A nova geração de trabalhadores-ativistas
Os sindicatos já não são o que eram, mas isso não significa o fim dos movimentos que defendem quem trabalha. Novos movimentos aparecem agora em setores pouco sindicalizados – como as empresas tecnológicas ou da distribuição - por trabalhadores-ativistas que exigem novas regras, abordagens éticas e que querem ter uma palavra a dizer sobre os produtos e serviços que entregam à sociedade. Foram vocês que pediram feedback? Quando se olha para como nasceram estes movimentos é difícil não sentir a ironia. Basicamente, nasceram em empresas que – em prol da retenção de talento e da definição de um propósito comum – promoveram intensamente a cultura de feedback e de dar voz aos colaboradores. A ideia era que essa voz fosse ouvida nos canais considerados próprios – reuniões internas, surveys, processos de avaliação. Mas o que aí se dizia saiu à rua com ações concretas para reivindicar o que consideram que deve ser feito Como é que os trabalhadores-ativistas podem parar uma empresa? Nada como dar um exemplo. Há pouco mais de um ano, num dia em finais de setembro de 2019, os clientes de uma tecnológica chamada Chef perceberam que o software que usavam da empresa não estava a funcionar. Não foi um acidente, mas sim um protesto contra o facto de a empresa ser fornecedora do Departamento de Imigração e Controlo de Fronteiras dos Estados Unidos na altura duramente criticada pela política de separação de famílias. Um programador removeu uma peça-chave do código do software do GitHub, plataforma de partilha de código entre programadores, e automaticamente os produtos ficaram sem funcionar durante várias horas.
Moral da história? O CEO da Chef começou por afirmar que não cabia à empresa escrutinar os clientes, mas a empresa acabou por não renovar o contrato com o Departamento de Imigração e Controlo de Fronteiras, entregando o valor ganho nesse âmbito a organizações que trabalham com imigrantes.
Podem as empresas ser ativistas? Talvez seja “demasiado” dizê-lo assim, mas sim. Sobretudo quando há temas que impactam diretamente os seus empregados ou as comunidades em que estão inseridas. Foi o caso, por exemplo, da Microsoft e da Amazon que se associaram a uma ação em tribunal contra a decisão da administração de Donald Trump que visava a separação de crianças das suas famílias em situações de imigração.

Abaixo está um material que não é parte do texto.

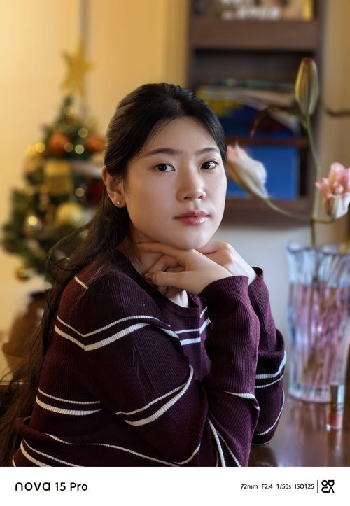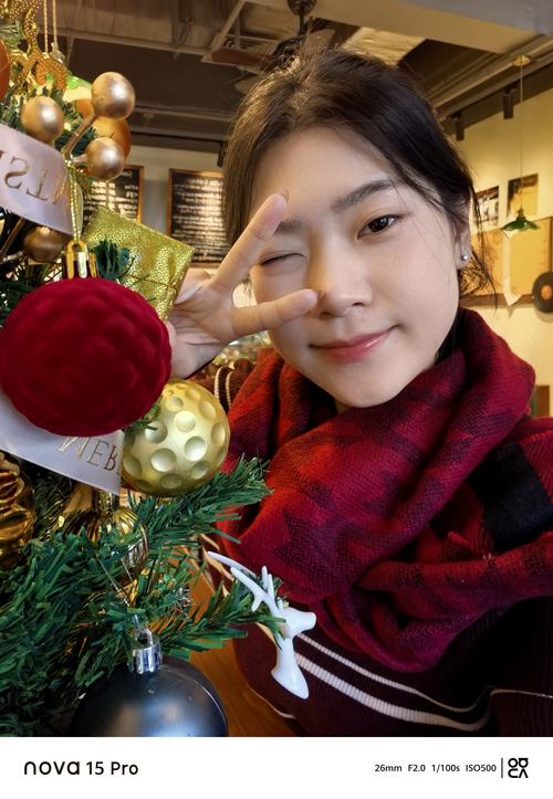 实际体验中,圣诞夜暖光漫裹的场景下,暗光环境下的肤色依旧清透,整体的色彩还原也十分准确,尤其是背景的虚化过渡非常自然,轻松拍出浪漫氛围感。
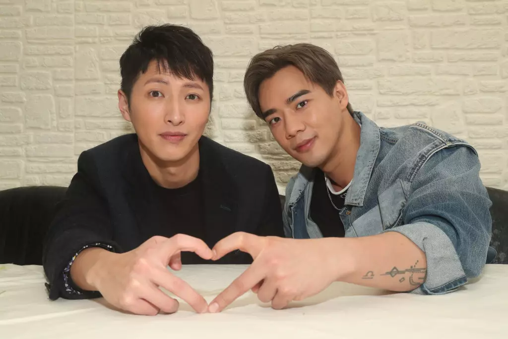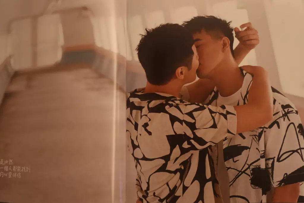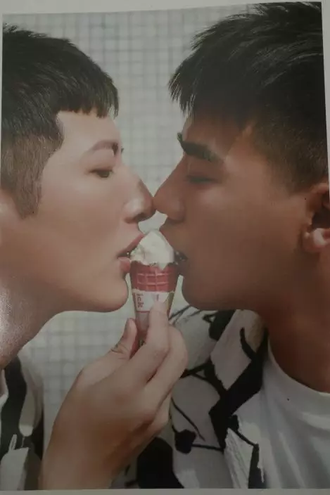 慈善寫真集《Pride in Action》中Ray(左)及Kenny(右)鼻尖貼鼻尖,哄到好埋食雪糕。
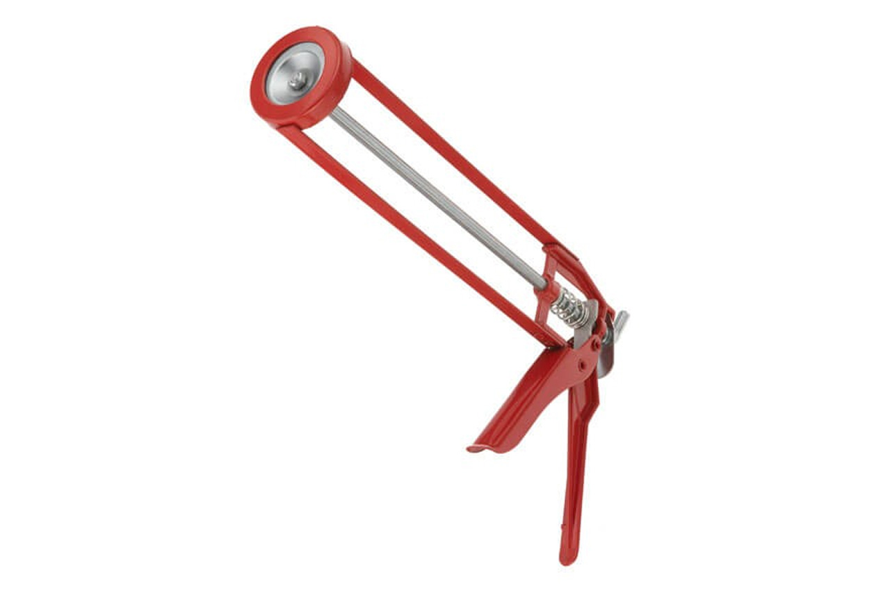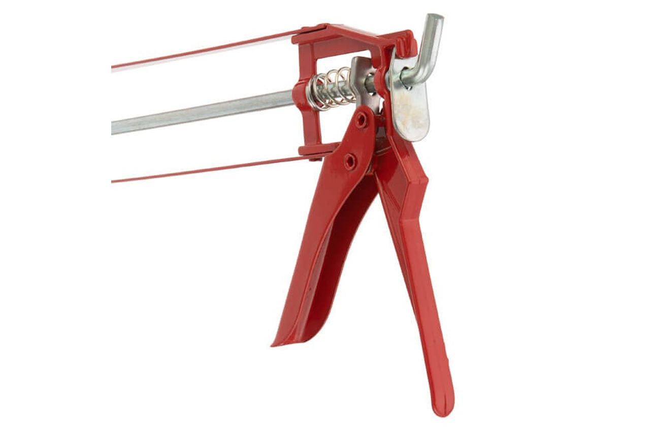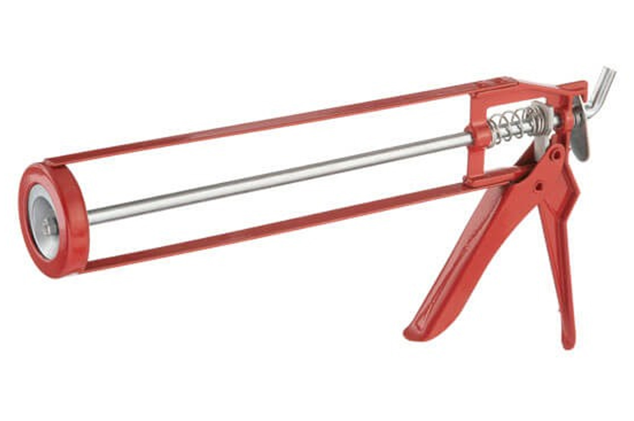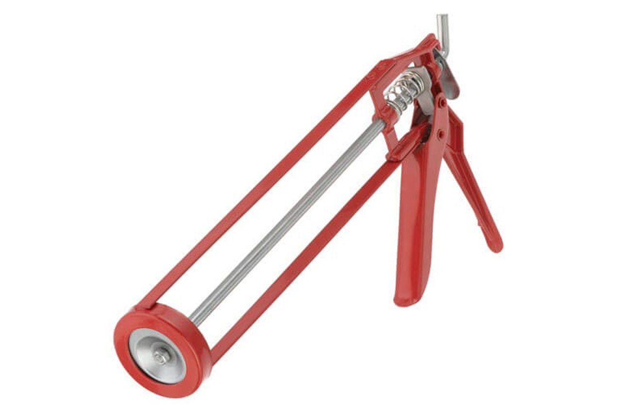 Пістолет для видавлювання силікону "рамообразний" застосовується для екстракції герметиків різних видів з туб. Завдяки рамообразной конструкції картридж фіксується більш щільно. Використання пістолета дозволяє зробити процес подачі герметика рівномірним, з високим ступенем контролю. Конструкція пістолета являє собою металеву раму з штовхачем і курком.

Portugal é o 2º país da Europa em que mais se trabalha nas horas livres.
Na Europa, onde a cultura de proteção laboral tem mais história, o tema que tem captado mais vozes é o do direito a desligar.
Em causa estão as horas de trabalho a mais que decorrem atualmente dos muitos milhões de pessoas em teletrabalho, mas que já tinham um histórico para os profissionais mais “ligados” tecnologicamente falando.
Uma lista publicada pelo Quartz mostra que Portugal está no 2º lugar do ranking dos países em que mais pessoas respondem ser habitual trabalhar no seu tempo livre todos os dias, logo atrás de Espanha. Os mais disciplinados nesta matéria? Sem estranhar, os alemães.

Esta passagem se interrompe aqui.